▶ _Exercise brief_
Reprint all records below exactly. No images.

▶ _Data for this task_
·····

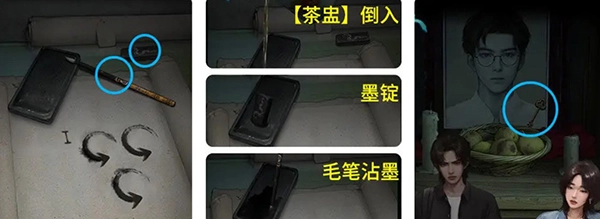 7、拿起“茶盅”,把茶水倒进砚台里,接着研磨墨锭,让毛笔蘸上墨汁,然后揭开照片上的红布,最后拿起“钥匙”。
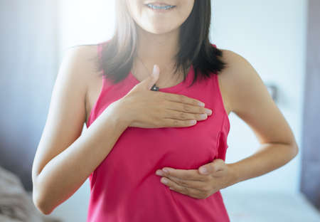 Asian woman self touching check lump or Breast cancer, Breast Self Exam.
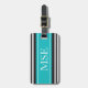 Étiquette À Bagage Rayures personnalisées de noir de turquoise de
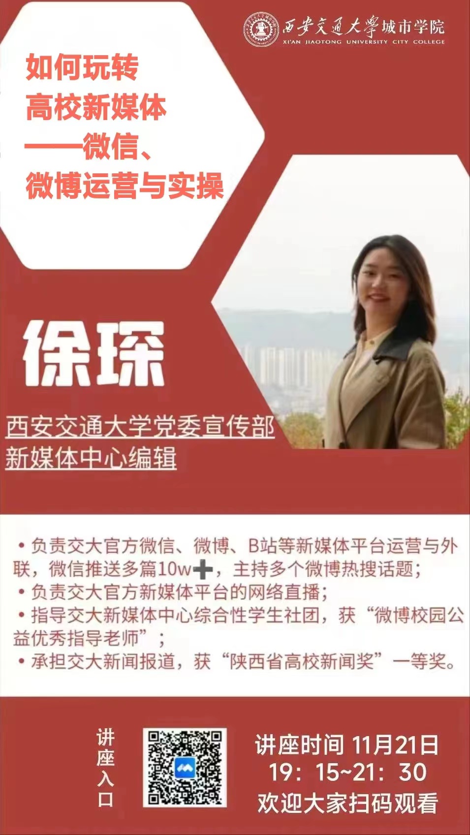 主讲人简介:徐琛,现任西安交通大学党委宣传部新媒体中心编辑,负责交大官方微信、微博、B站等新媒体平台运营与外联,微信推送多篇10w➕,主持多个微博热搜话题;负责交大官方新媒体平台的网络直播;指导交大新媒体中心综合性学生社团,获“微博校园公益优秀指导老师”;承担交大新闻报道,获“陕西省高校新闻奖”一等奖。
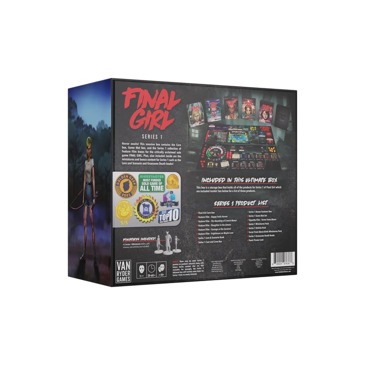 Some of the contents will vary between different Series (for example, the Series 1 Ultimate Box will come with a Final Girl Core Box, while the Series 2 Ultimate Box will come with the Box of Props), but each Ultimate Box will generally contain the same amazing treasure trove of horror gaming goodness, and at a greatly reduced cost than if you purchased everything individually at retail!
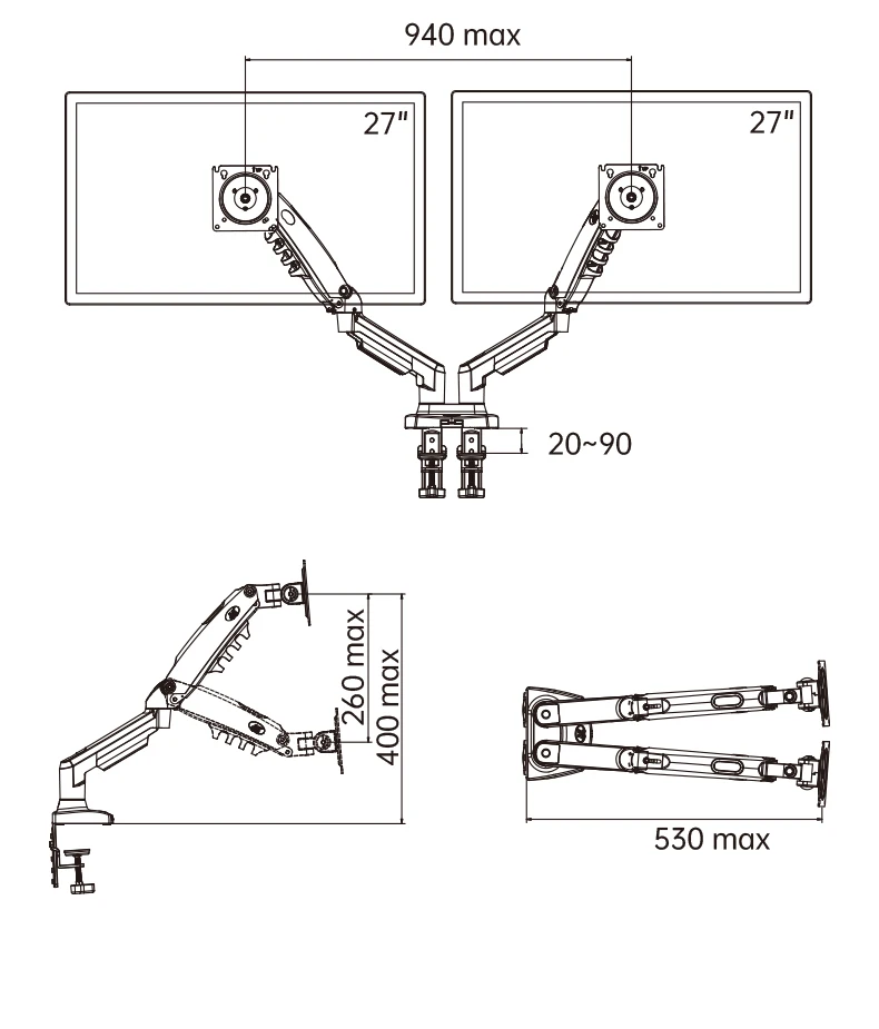 Carga: 2-9kg paraCada pantalla(Por favor, asegúrese de que su pantalla esté dentro de este rango, o el resorte de gas del soporte no podría funcionar)
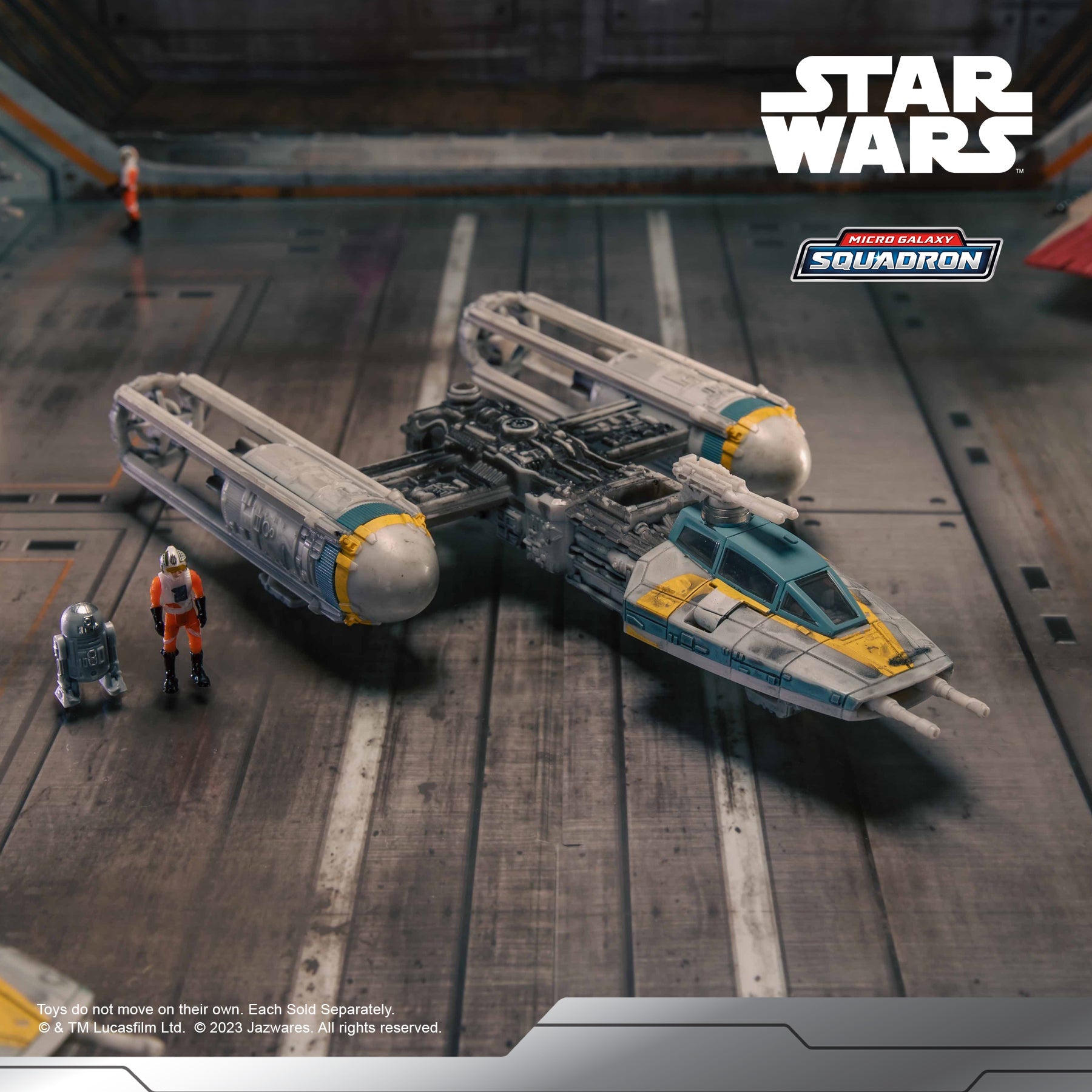 Command Gold Squadron with the STAR WARS Micro Galaxy Squadron Gold Leader's Y-Wing. Featuring incredible details and authentic scaling, this 5-inch vehicle is based on the BTL light bombers deployed during the Battle of YAVIN. Race through the Death Star Trench with proton torpedoes, a rotating ion turret, an opening cockpit, retractable landing gear, and a working droid socket. Vehicle also includes articulated 1-inch Jon Vander and R2-BHD micro figure accessories, compatible with any STAR WARS Micro Galaxy Squadron craft. Collect Gold Leader's Y-Wing and lead the assault on the DEATH STAR. Officially licensed STAR WARS product from Jazwares. Ages 8+
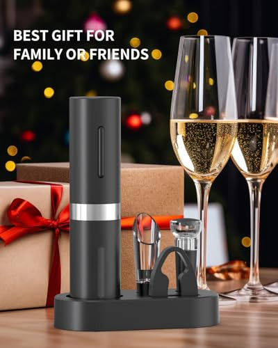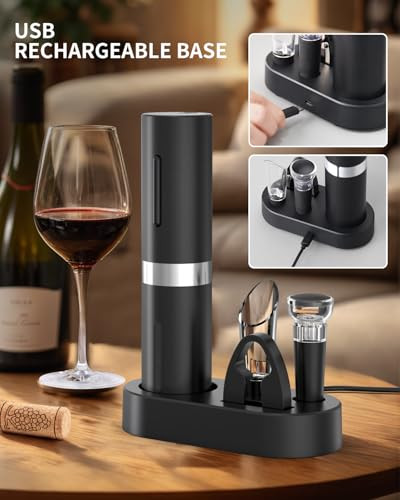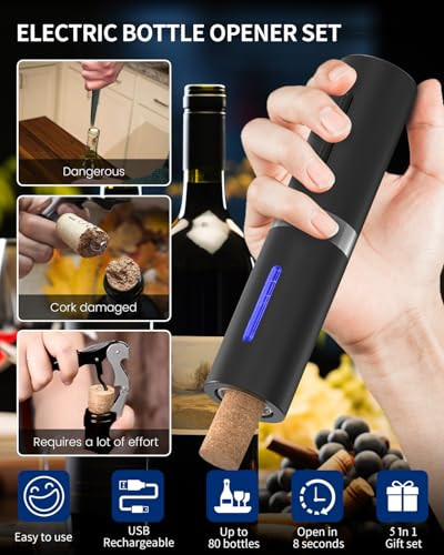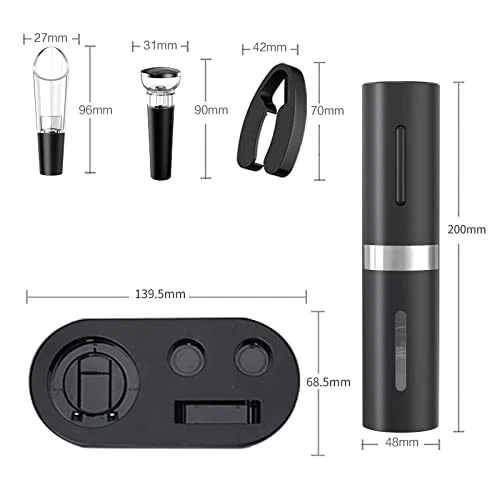✔️5 IN 1 WINE SET - Unveil a premium wine experience with our all-inclusive set. It boasts an electric wine opener, foil cutter, decanter, vacuum wine stopper, charging base, and a USB-C cable. This comprehensive set seamlessly integrates wine opening, pouring, and storing for a hassle-free wine tasting session. Ideal for family reunions or corporate banquets, it's your trusty companion on the wine table, elevating your wine-tasting joy ✔️EASE OF USE - Effortlessly remove the cork in a matter of seconds. Simply align the corkscrew vertically to the bottle neck, press the DOWN button to extract the cork, and hit the UP button to release it from the corkscrew. No more tugging, twisting, or broken corks ✔️ELEGANT DESIGN - Embodying classic elegance, our set flaunts a luxurious black hue and an exquisite charging base that ensures easy storage and keeps your electric opener fully charged. The integrated blue LED lights automatically illuminate, adding a touch of sophistication to your wine service ✔️PERFECT GIFT FOR WINE ENTHUSIASTS - Looking for the ideal gift? This set is it! Perfect for birthdays, anniversaries, Christmas, Hanukkah, Thanksgiving, Mother's Day, Father's Day, Valentine's Day, or any celebration ✔️100% SHOPPING GUARANTEE - It’s always important for us to make our customers 100% satisfied. If you have any questions during use, please feel free to contact

·····

▶ _Answer to the problem_
 7、拿起“茶盅”,把茶水倒进砚台里,接着研磨墨锭,让毛笔蘸上墨汁,然后揭开照片上的红布,最后拿起“钥匙”。
 Asian woman self touching check lump or Breast cancer, Breast Self Exam.
 Étiquette À Bagage Rayures personnalisées de noir de turquoise de
 主讲人简介:徐琛,现任西安交通大学党委宣传部新媒体中心编辑,负责交大官方微信、微博、B站等新媒体平台运营与外联,微信推送多篇10w➕,主持多个微博热搜话题;负责交大官方新媒体平台的网络直播;指导交大新媒体中心综合性学生社团,获“微博校园公益优秀指导老师”;承担交大新闻报道,获“陕西省高校新闻奖”一等奖。
 Some of the contents will vary between different Series (for example, the Series 1 Ultimate Box will come with a Final Girl Core Box, while the Series 2 Ultimate Box will come with the Box of Props), but each Ultimate Box will generally contain the same amazing treasure trove of horror gaming goodness, and at a greatly reduced cost than if you purchased everything individually at retail!
 Carga: 2-9kg paraCada pantalla(Por favor, asegúrese de que su pantalla esté dentro de este rango, o el resorte de gas del soporte no podría funcionar)
 Command Gold Squadron with the STAR WARS Micro Galaxy Squadron Gold Leader's Y-Wing. Featuring incredible details and authentic scaling, this 5-inch vehicle is based on the BTL light bombers deployed during the Battle of YAVIN. Race through the Death Star Trench with proton torpedoes, a rotating ion turret, an opening cockpit, retractable landing gear, and a working droid socket. Vehicle also includes articulated 1-inch Jon Vander and R2-BHD micro figure accessories, compatible with any STAR WARS Micro Galaxy Squadron craft. Collect Gold Leader's Y-Wing and lead the assault on the DEATH STAR. Officially licensed STAR WARS product from Jazwares. Ages 8+
✔️5 IN 1 WINE SET - Unveil a premium wine experience with our all-inclusive set. It boasts an electric wine opener, foil cutter, decanter, vacuum wine stopper, charging base, and a USB-C cable. This comprehensive set seamlessly integrates wine opening, pouring, and storing for a hassle-free wine tasting session. Ideal for family reunions or corporate banquets, it's your trusty companion on the wine table, elevating your wine-tasting joy ✔️EASE OF USE - Effortlessly remove the cork in a matter of seconds. Simply align the corkscrew vertically to the bottle neck, press the DOWN button to extract the cork, and hit the UP button to release it from the corkscrew. No more tugging, twisting, or broken corks ✔️ELEGANT DESIGN - Embodying classic elegance, our set flaunts a luxurious black hue and an exquisite charging base that ensures easy storage and keeps your electric opener fully charged. The integrated blue LED lights automatically illuminate, adding a touch of sophistication to your wine service ✔️PERFECT GIFT FOR WINE ENTHUSIASTS - Looking for the ideal gift? This set is it! Perfect for birthdays, anniversaries, Christmas, Hanukkah, Thanksgiving, Mother's Day, Father's Day, Valentine's Day, or any celebration ✔️100% SHOPPING GUARANTEE - It’s always important for us to make our customers 100% satisfied. If you have any questions during use, please feel free to contact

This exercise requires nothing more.